Exhibit 3: Disney+ and Netflix Subscriber Additions
Source: Reuters Graphics, February 2022
Is Disney eating into Netflix’s share in the streaming wars
While the market leader Netflix added 8.3M subscribers in the quarter, a little over 2-year old Disney+ added 11.8M subscribers in the same period. It also means that once we account for Hulu and ESPN+ (both owned by Disney), the company as a whole has over 196M subscribers which is not too far from Netflix’s 222M subscriber base. Disney attributed much of the increase in subscribers to the growth in existing markets rather than expansion to new ones.
Exhibit 4: Netflix & Disney+ Paid Subscriber Base as of January 2022
Source: Disney and Netflix Financials, February 2022
Strong growth outlook
Disney Chief Financial Officer, Christine McCarthy, said that the company expects to spend $33bn in FY2022, of which a third is for sports rights and the rest for content production and the CFO also maintained confidence in the long term guidance of 230M to 260M paid Disney+ subscribers by the end of FY2024. Contradicting rival Netflix’s dim 2022 outlook, Disney expects stronger subscriber growth in the second half of the year. However, it should be noted that subscriber growth at Disney+ is enjoying the benefits of nascent growth and may eventually plateau in the long run like that of Netflix.

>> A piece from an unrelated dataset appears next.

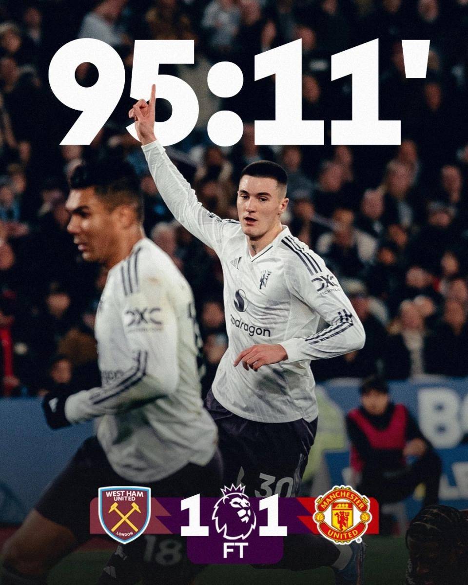 曼联4连胜后踫到保级队西汉姆联,竟然最后时刻才战平。

Will Disney’s rosy fairy tale continue?
No doubt, Disney’s first-quarter earnings are quite impressive and set a positive momentum for the rest of the fiscal year. It goes on to show how much better can the theme parks and cruise ship business do when international travel restrictions are lifted completely and these parks operate at full capacity globally. The video streaming services also hold a lot more scope to increase their subscriber base via growth in existing markets and expansion in new markets, as saturation levels are quite far from here. With plans to spend $33bn on content and sports rights, Disney’s line-up of new releases should give consumers more compelling reasons to subscribe.
Looks like in 2022, Disney has a lot to offer to its fans – fun at Disneyland, entertainment to movie lovers and good returns to stock investors!